• [THE PROBLEM] The output should match, line for line, the records from the line containing "作業性を考えてキッチンの幅は広く 奥には冷蔵庫を隠すためパントリー" through the line containing "文都:2006年考研英语模拟试题(五)答案", with every picture left out.

• [TASK MATERIAL]
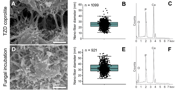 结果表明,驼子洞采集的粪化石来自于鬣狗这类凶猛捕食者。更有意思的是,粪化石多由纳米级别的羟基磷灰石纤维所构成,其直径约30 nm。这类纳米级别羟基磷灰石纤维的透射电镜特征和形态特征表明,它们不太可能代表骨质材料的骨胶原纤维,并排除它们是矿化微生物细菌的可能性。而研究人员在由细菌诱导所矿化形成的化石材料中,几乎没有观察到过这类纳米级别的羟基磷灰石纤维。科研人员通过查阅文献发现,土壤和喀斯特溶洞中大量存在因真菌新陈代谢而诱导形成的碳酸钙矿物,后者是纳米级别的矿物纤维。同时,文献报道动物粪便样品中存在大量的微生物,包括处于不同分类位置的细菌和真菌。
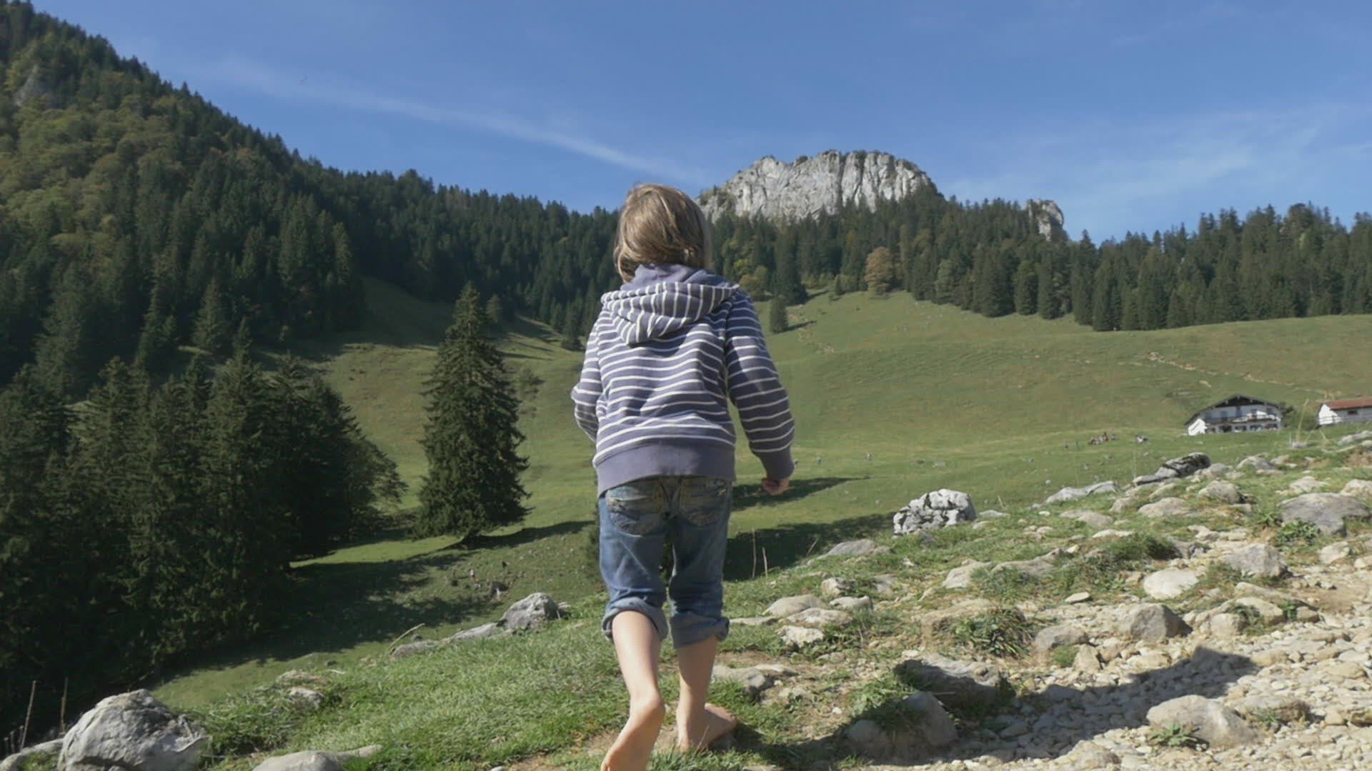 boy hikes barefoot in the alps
==
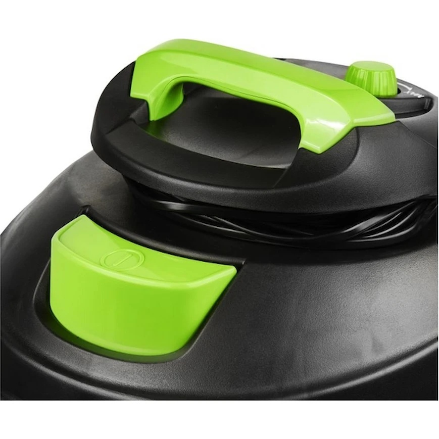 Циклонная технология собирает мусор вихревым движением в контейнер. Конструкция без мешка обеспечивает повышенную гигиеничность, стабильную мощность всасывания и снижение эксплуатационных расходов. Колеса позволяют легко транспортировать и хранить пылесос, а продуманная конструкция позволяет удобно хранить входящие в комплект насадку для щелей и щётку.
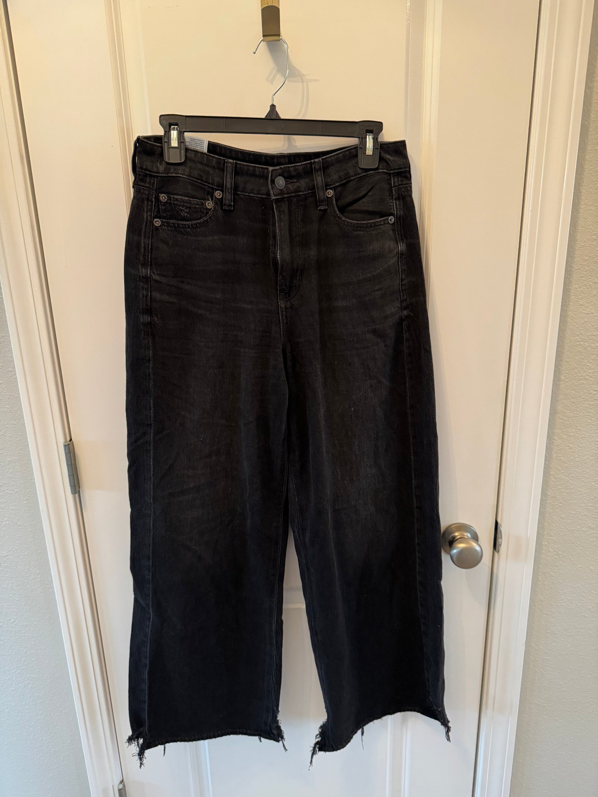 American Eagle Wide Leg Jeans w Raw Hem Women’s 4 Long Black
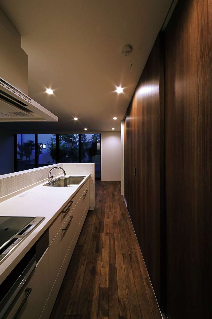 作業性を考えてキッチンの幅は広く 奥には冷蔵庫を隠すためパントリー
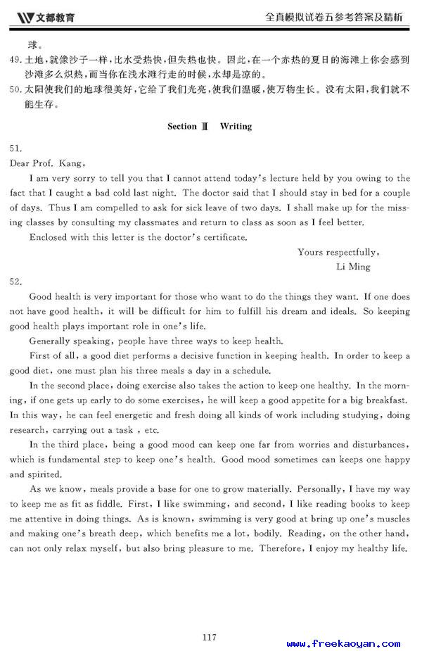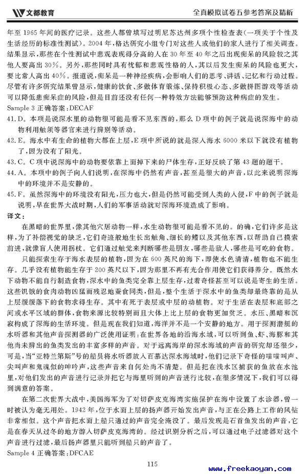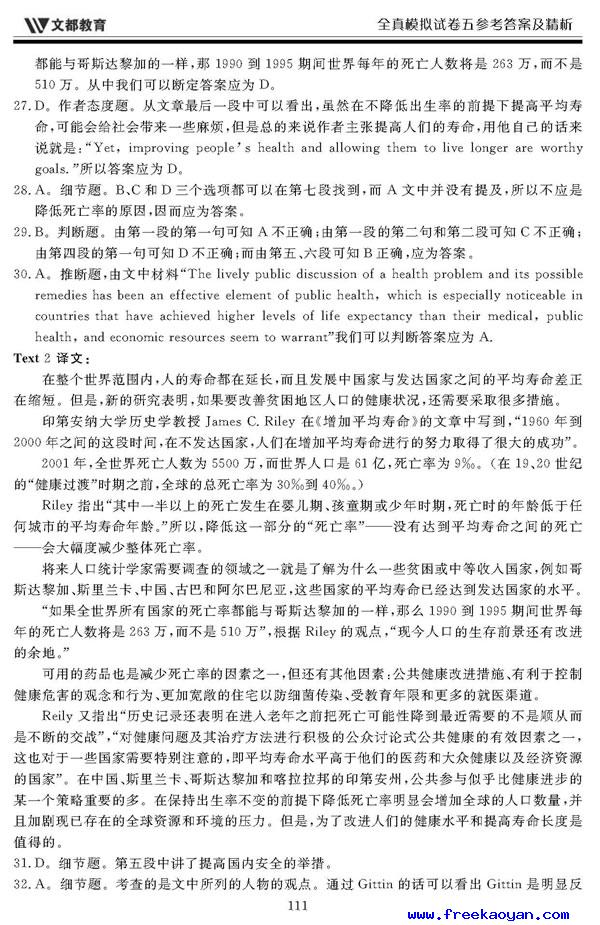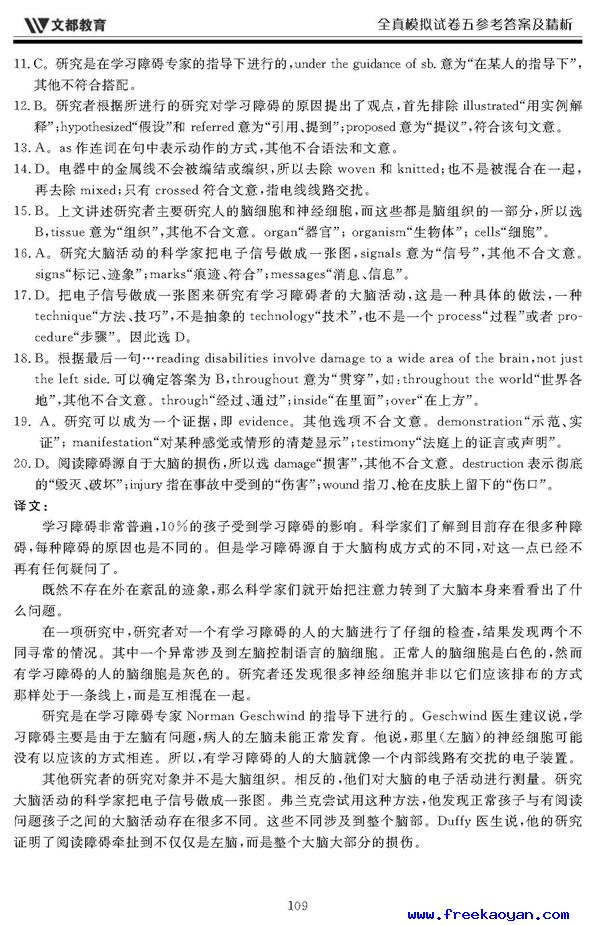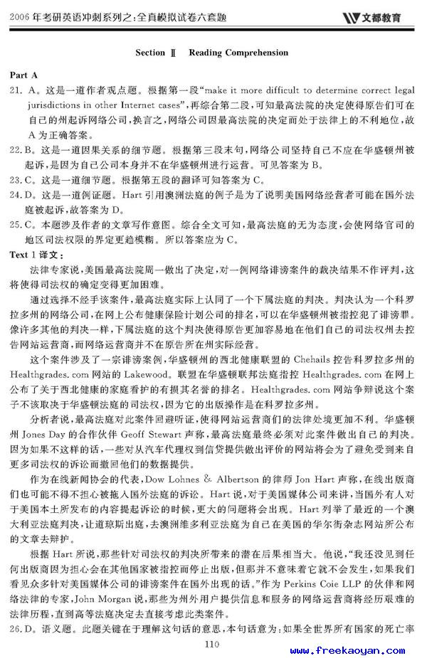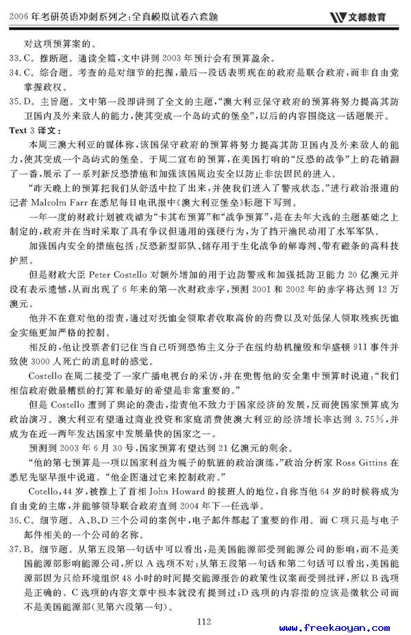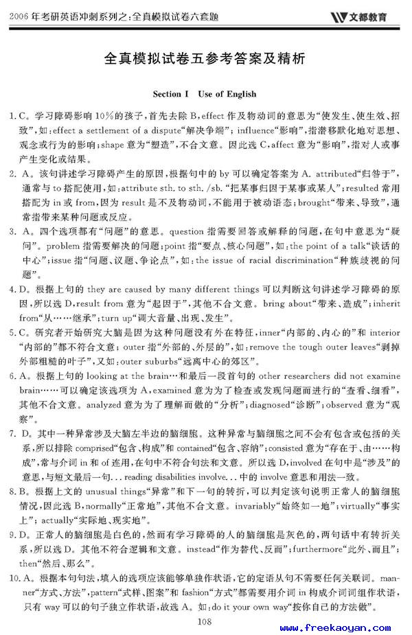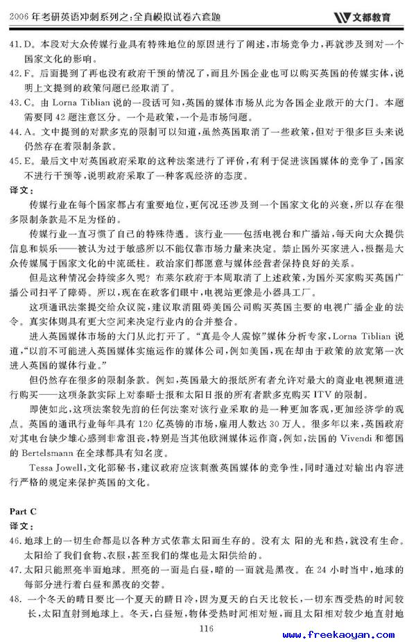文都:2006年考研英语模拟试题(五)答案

• [RESULT OF THE TASK]
 作業性を考えてキッチンの幅は広く 奥には冷蔵庫を隠すためパントリー
文都:2006年考研英语模拟试题(五)答案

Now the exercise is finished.